Work item:
Copy all entries exactly, and wherever an entry holds a picture, leave that picture out.

Records from a collection:
______

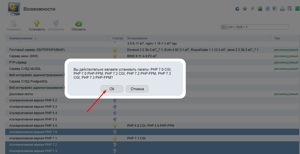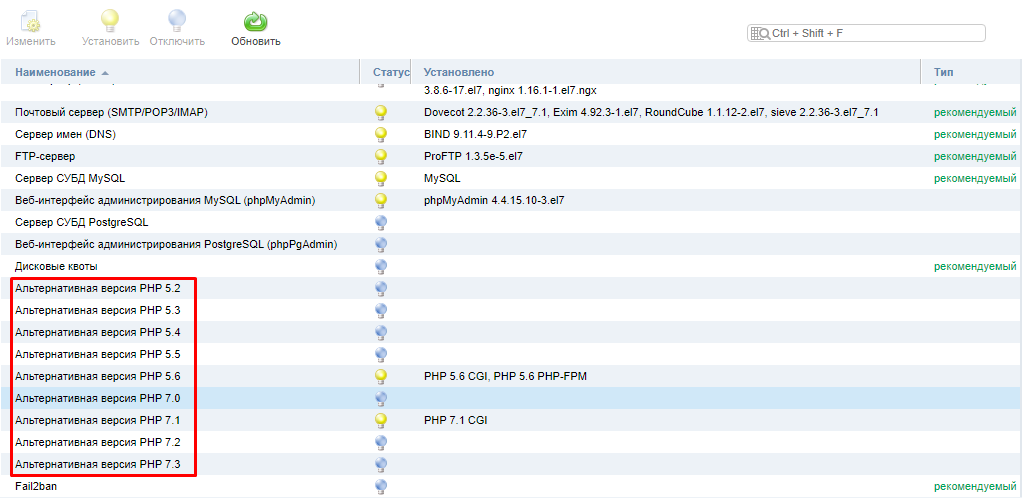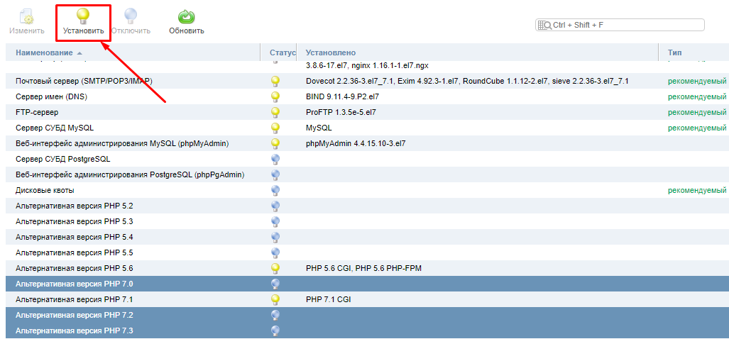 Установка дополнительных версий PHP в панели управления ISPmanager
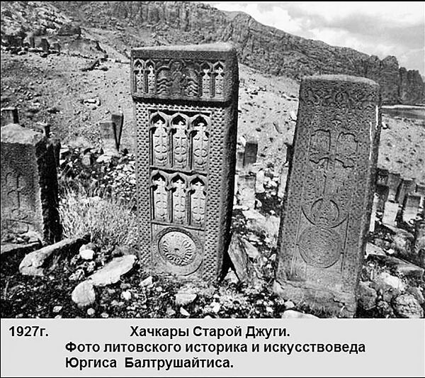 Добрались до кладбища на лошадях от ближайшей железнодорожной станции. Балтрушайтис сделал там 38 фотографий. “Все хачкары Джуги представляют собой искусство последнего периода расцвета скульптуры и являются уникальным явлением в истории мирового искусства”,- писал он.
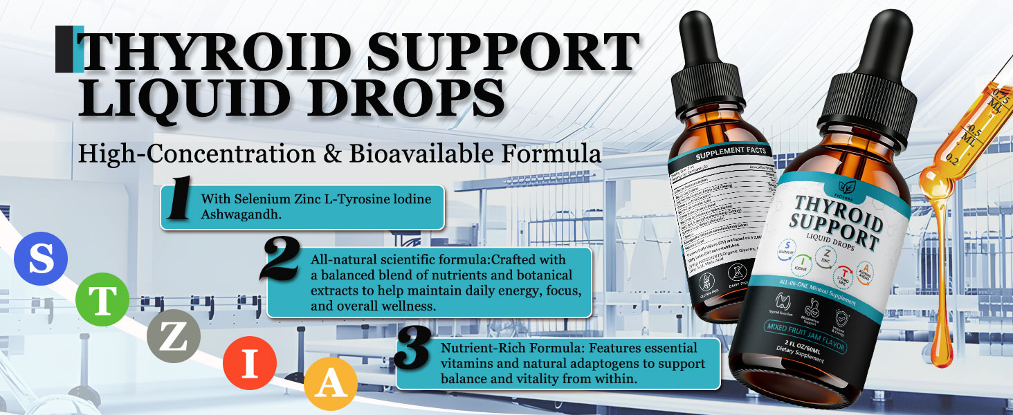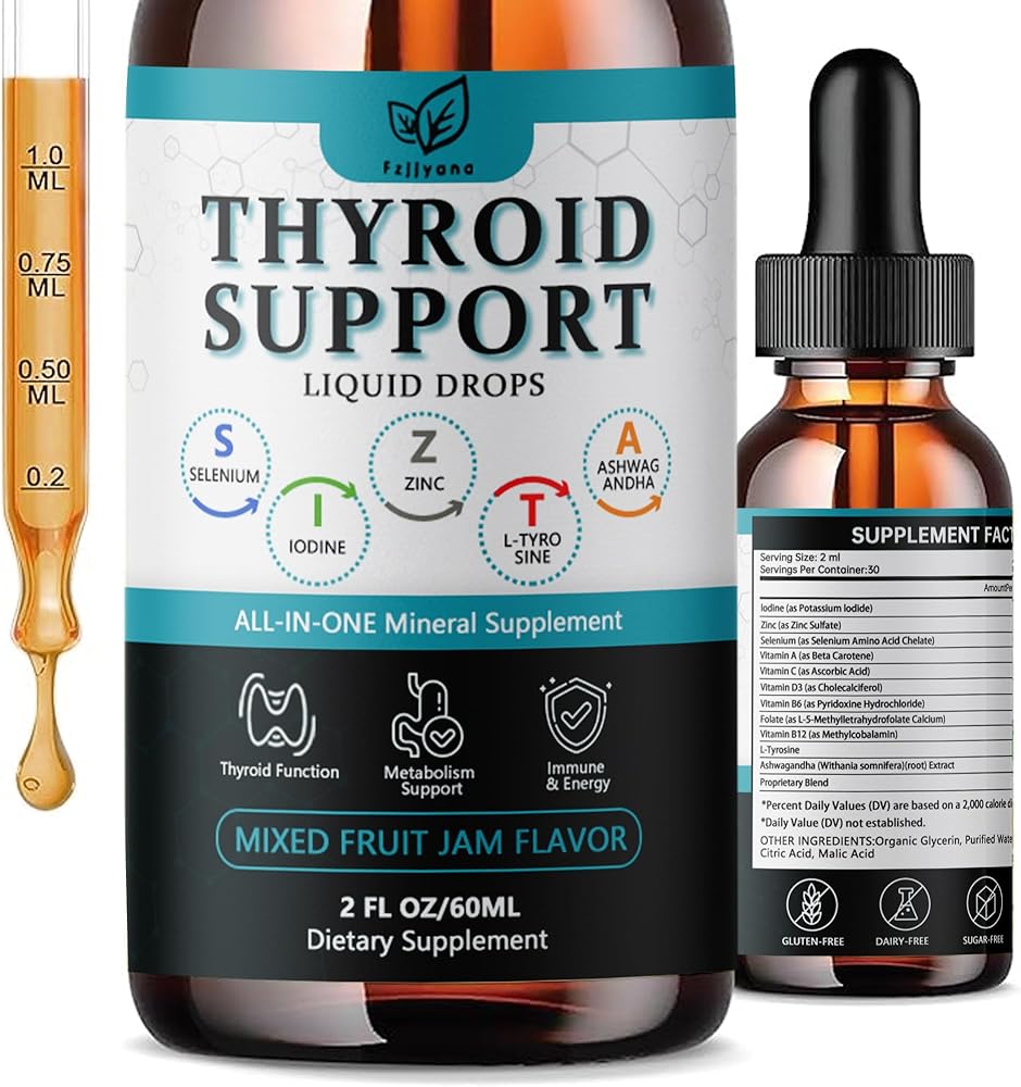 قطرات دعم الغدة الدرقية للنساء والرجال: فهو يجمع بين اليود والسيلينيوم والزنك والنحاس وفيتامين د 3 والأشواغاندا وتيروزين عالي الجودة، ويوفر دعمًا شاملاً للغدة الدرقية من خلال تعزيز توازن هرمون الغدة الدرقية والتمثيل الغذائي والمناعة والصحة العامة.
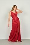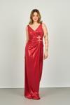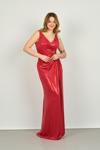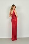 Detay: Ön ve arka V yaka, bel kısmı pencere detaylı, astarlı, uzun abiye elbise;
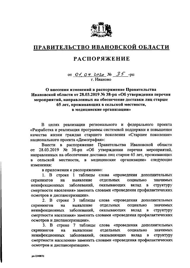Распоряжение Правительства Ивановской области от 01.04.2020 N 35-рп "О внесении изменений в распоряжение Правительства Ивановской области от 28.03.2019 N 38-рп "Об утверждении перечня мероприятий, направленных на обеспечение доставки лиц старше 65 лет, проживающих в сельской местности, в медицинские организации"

______

Worked solution:
 Установка дополнительных версий PHP в панели управления ISPmanager
 Добрались до кладбища на лошадях от ближайшей железнодорожной станции. Балтрушайтис сделал там 38 фотографий. “Все хачкары Джуги представляют собой искусство последнего периода расцвета скульптуры и являются уникальным явлением в истории мирового искусства”,- писал он.
 قطرات دعم الغدة الدرقية للنساء والرجال: فهو يجمع بين اليود والسيلينيوم والزنك والنحاس وفيتامين د 3 والأشواغاندا وتيروزين عالي الجودة، ويوفر دعمًا شاملاً للغدة الدرقية من خلال تعزيز توازن هرمون الغدة الدرقية والتمثيل الغذائي والمناعة والصحة العامة.
 Detay: Ön ve arka V yaka, bel kısmı pencere detaylı, astarlı, uzun abiye elbise;
Распоряжение Правительства Ивановской области от 01.04.2020 N 35-рп "О внесении изменений в распоряжение Правительства Ивановской области от 28.03.2019 N 38-рп "Об утверждении перечня мероприятий, направленных на обеспечение доставки лиц старше 65 лет, проживающих в сельской местности, в медицинские организации"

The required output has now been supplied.